→ **EXERCISE BRIEF**
Exact reproduction is required for the lines below starting at the line with "Nella parte inferiore" and ending at the line with "1.大蒜(Garlic)是《", both included. No other lines, and no pictures.

→ **DATA TO PROCESS**
----------------

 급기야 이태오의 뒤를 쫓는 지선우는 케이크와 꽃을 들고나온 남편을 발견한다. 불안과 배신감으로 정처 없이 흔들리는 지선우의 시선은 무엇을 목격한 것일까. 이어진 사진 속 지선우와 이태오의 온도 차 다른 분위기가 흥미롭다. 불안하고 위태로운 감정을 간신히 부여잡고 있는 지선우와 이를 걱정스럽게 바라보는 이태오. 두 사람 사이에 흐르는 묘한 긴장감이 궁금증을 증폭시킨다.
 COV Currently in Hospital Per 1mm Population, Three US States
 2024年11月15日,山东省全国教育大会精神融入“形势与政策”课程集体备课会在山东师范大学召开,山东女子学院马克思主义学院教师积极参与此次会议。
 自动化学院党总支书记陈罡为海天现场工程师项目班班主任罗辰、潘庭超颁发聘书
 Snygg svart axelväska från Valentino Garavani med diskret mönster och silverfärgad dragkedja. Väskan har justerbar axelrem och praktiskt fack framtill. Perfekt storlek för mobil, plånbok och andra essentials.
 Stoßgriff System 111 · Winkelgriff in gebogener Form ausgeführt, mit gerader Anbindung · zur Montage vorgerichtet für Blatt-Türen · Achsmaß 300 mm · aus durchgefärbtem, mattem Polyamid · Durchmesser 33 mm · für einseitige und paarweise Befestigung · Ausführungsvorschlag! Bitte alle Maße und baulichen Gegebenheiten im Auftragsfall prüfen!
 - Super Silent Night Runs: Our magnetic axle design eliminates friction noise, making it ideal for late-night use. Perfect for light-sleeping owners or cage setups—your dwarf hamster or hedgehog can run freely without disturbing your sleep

----------------

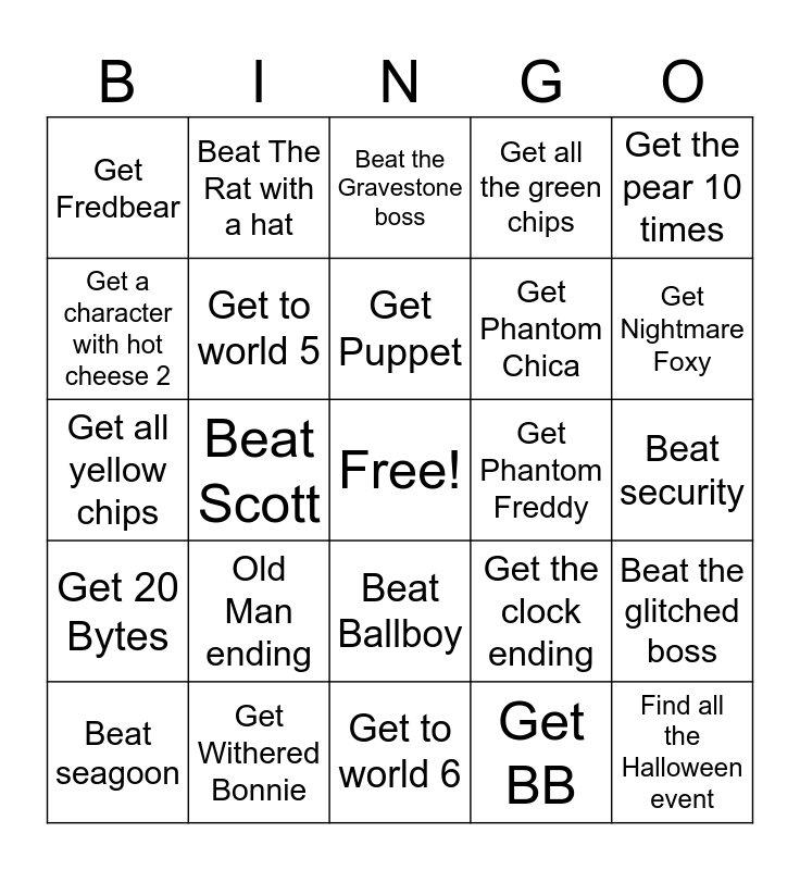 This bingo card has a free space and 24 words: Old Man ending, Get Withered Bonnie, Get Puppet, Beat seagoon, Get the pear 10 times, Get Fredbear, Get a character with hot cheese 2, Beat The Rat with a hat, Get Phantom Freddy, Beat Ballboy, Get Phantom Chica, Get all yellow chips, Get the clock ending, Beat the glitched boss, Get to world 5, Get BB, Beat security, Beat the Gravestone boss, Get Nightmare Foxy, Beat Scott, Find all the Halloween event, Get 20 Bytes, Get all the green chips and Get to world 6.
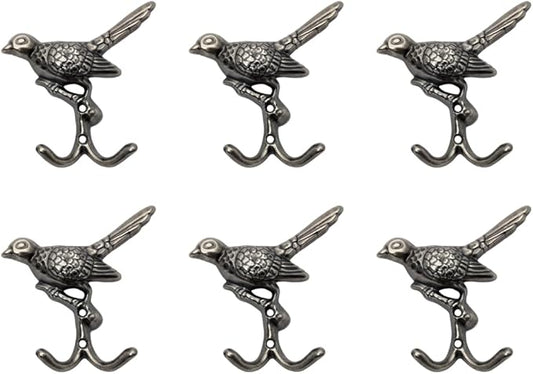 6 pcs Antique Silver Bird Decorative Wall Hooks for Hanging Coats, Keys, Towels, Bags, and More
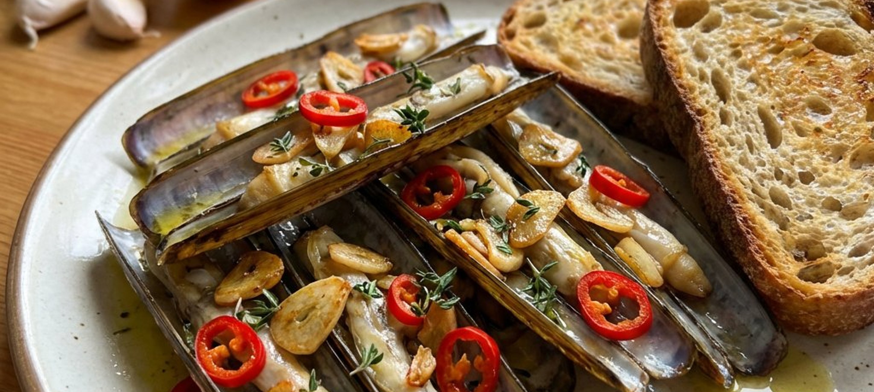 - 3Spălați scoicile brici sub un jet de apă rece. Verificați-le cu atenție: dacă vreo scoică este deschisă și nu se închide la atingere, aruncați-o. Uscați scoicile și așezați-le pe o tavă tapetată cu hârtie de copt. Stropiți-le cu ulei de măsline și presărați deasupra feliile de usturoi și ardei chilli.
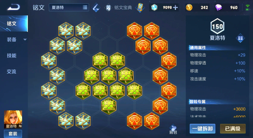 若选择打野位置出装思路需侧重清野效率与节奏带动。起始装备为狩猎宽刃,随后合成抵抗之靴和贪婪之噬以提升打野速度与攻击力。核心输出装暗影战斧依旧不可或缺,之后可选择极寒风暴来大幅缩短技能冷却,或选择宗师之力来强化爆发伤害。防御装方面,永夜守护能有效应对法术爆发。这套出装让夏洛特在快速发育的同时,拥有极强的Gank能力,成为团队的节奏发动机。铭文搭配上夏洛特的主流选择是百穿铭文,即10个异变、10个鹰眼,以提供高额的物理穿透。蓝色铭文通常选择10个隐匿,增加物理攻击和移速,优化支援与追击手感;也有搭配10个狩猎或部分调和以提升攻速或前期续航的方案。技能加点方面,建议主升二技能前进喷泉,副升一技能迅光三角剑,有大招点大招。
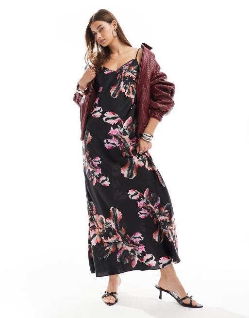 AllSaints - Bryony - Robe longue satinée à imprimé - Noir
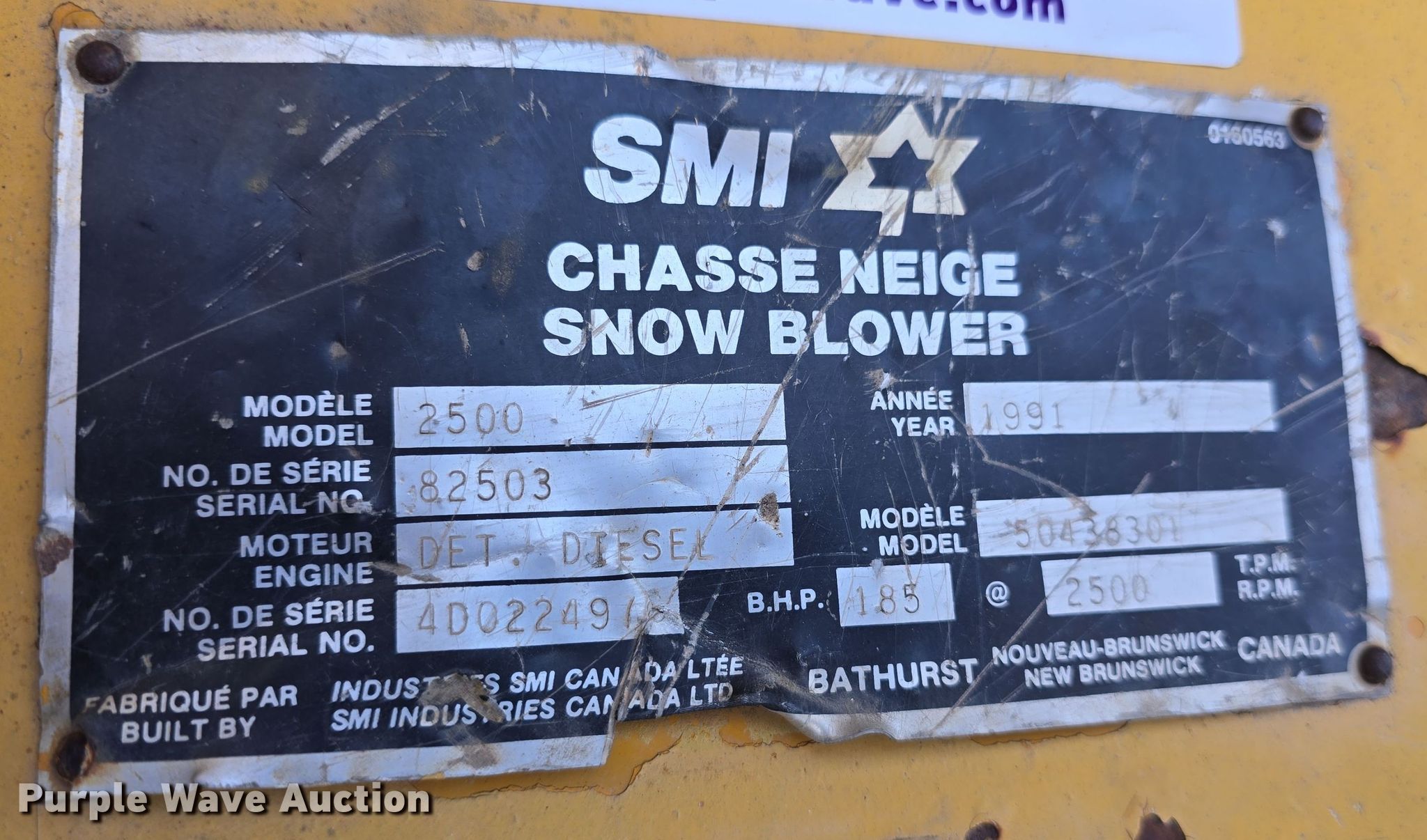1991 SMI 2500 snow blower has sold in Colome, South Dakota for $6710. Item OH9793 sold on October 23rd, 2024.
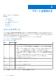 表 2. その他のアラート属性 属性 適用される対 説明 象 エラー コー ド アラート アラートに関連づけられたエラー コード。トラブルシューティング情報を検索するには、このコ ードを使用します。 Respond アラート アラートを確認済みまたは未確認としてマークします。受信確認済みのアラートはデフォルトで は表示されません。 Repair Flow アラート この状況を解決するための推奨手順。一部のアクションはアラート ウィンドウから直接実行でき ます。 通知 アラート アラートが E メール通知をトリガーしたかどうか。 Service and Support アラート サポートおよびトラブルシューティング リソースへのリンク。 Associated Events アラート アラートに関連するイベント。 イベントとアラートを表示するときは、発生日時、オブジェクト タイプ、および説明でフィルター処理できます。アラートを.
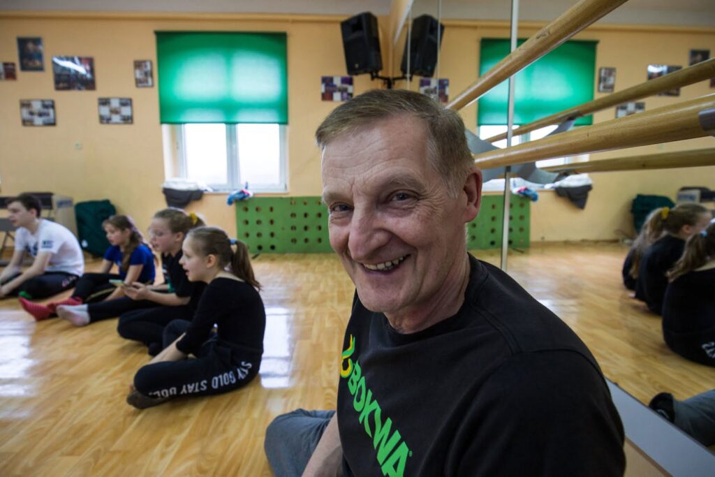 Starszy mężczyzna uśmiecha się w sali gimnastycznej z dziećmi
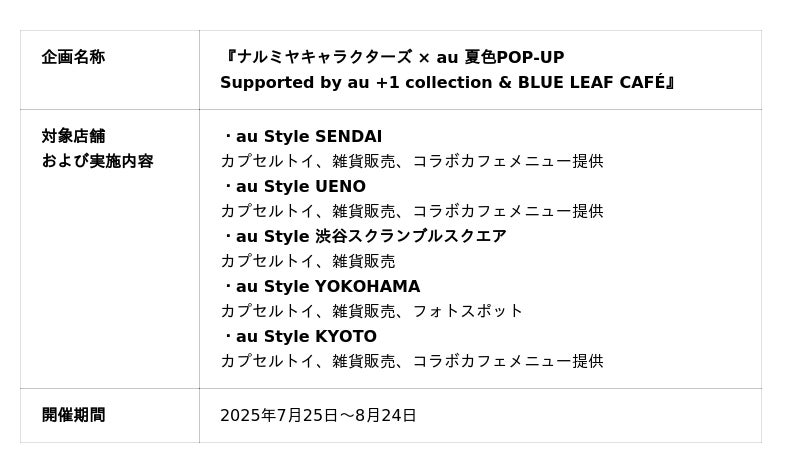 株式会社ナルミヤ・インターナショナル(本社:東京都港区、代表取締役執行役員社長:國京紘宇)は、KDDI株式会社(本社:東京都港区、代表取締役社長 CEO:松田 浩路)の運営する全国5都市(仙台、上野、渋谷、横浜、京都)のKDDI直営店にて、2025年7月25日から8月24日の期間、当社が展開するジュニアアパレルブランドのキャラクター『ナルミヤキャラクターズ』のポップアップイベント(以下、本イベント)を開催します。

----------------

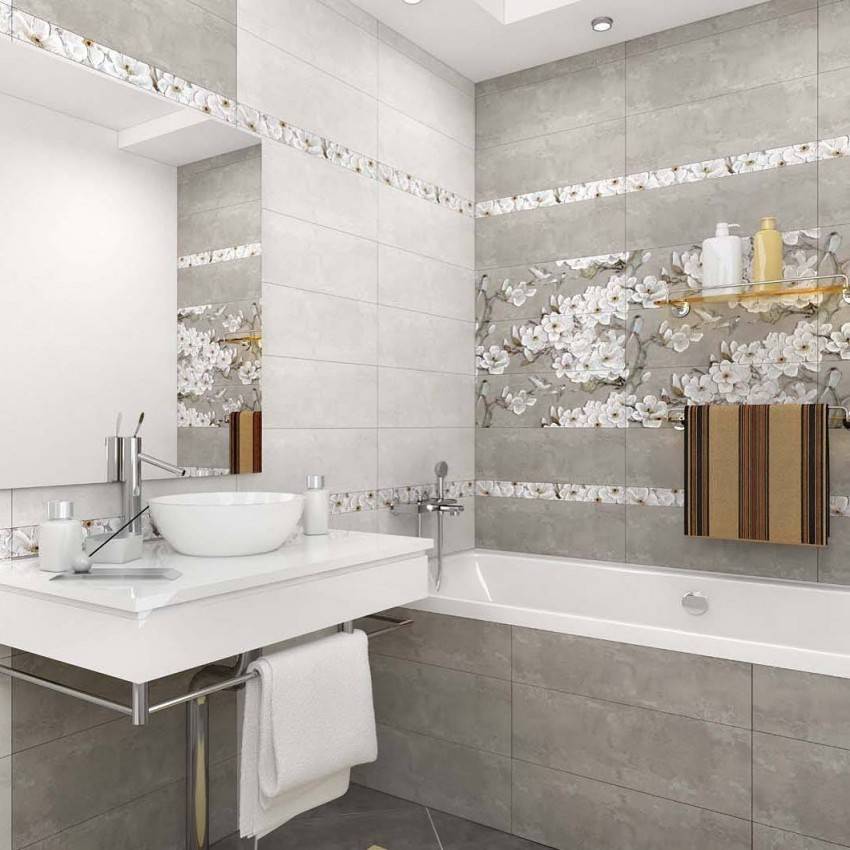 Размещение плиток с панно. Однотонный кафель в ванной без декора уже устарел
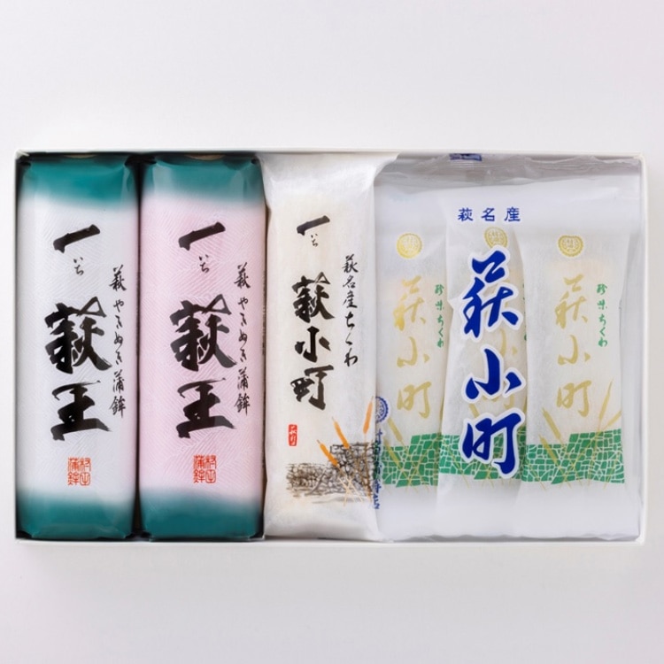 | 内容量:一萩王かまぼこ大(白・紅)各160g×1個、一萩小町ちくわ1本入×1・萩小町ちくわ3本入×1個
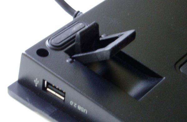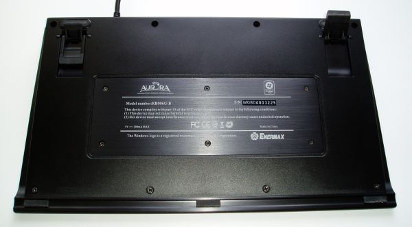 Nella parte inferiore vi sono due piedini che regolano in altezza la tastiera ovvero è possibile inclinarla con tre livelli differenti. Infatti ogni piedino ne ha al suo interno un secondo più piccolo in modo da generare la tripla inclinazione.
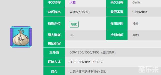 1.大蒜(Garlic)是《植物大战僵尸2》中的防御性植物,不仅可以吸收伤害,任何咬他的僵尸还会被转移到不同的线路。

----------------

→ **ANSWER BELOW**
 Nella parte inferiore vi sono due piedini che regolano in altezza la tastiera ovvero è possibile inclinarla con tre livelli differenti. Infatti ogni piedino ne ha al suo interno un secondo più piccolo in modo da generare la tripla inclinazione.
 1.大蒜(Garlic)是《植物大战僵尸2》中的防御性植物,不仅可以吸收伤害,任何咬他的僵尸还会被转移到不同的线路。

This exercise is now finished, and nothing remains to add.